Adult/Urban Fantasy
The Third Centurion
“its one book,” he mumbled into the darkness. “What’s
the big deal?
Lowering his
fevered head to the frosted pane of glass, he tried to calm his pounding heart
beat. Winter wind clutched at the
scorched sensation emanating from his body, his breath steaming the window of
the book store
For the last three
days he’d gone inside, browsing, inspecting the collection, listening as she
refused to sell the books.
Tonight, however, With
the last car’s departure from the parking lot, he’d hunkered down amidst the oaks and pines to
wait for the store to close. The wild tangle of
trees and underbrush kept his car almost invisible to the owner.
“Don’t do this,
son,” his father’s voice lectured him even though he hadn’t seen the old man in
five years.
I can do something
about it tonight.I don’t have any other
choice.
Steep roof lines
and a white-washed wrap-around porch formed a silhouette against the charcoal
sky as he crouched on the balls of his feet to inspect the window frames. Wires
and components for an alarm system hung in a jumbled mess beneath the sill. “Someone’s
broken in before,” he whispered. “This will be easy.”
A slight movement stilled
his body against the pale siding. He needed to disappear into the sparse foliage lining the
flower boxes.The crack of whipping
branches dropping pine needles onto the cedar shingles sounded like footsteps. Nothing
else moved, he was still alone.
Relief
washed through him,but the scorching fire in his chest erupted into white hot flames
I love UF, but this opening doesn't hint that's there's anything otherworldly going on. While the descriptive imagery is good, nothing actually happens to move the plot forward, so I'm getting the feeling that maybe your story might not be starting in the best place. Of course, that's only one opinion. Others could feel differently. The internal dialog and beating his head on the steering wheel let me know that he's frustrated, but don't really offer any insight into his character. Also, is there a reason you don't name the main character here? It seems like you're trying to up the tension by making him wait, but I think actual breaking and entering adds enough tension, so I think you could start there and then pepper in the details of what he's looking for, why he needs it, and why he needs it tonight. Hope this helps.

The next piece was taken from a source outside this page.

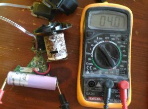 On peut dire que le moteur a été attaqué par la corrosion, alors que l’appareil était stocké au sec. J’ai commencé par un test de la batterie :

ReplyDeleteI understand that you were trying to establish tension while MC waited to break in, but it did seem like overkill for an opening. I agree it would be more exciting to just break in and blend in some of this tension throughout the actual entry. I think you need to choose how you present MC's thoughts, either italics or quotes, not both or rotated. The best I can tell, only the MC's thoughts have been shown here but you've varied the way you presented them. You have some nice descriptions here and it sounds like a really interesting start to a story, just needs a little tweaking.
ReplyDeleteThanks for the feed back. I can tell what you're saying as far as more movement or action. "Other worldly" was supposed to be in the 'feverish flesh' 'scorched brain' and 'heat boiling in his chest' If you have suggestions on how to make this more obvious I'd love to hear them. The quotes and italics are my fault. I don't know if you can tell, but I'm blind. I can't see what is or isn't italicized. The dialogue is just dialogue. It's not supposed to be italicized. I appreciate you pointing it out to me. Of all the times I've had it critiqued, no one's ever said anything. Thanks again. I'll go to work on it.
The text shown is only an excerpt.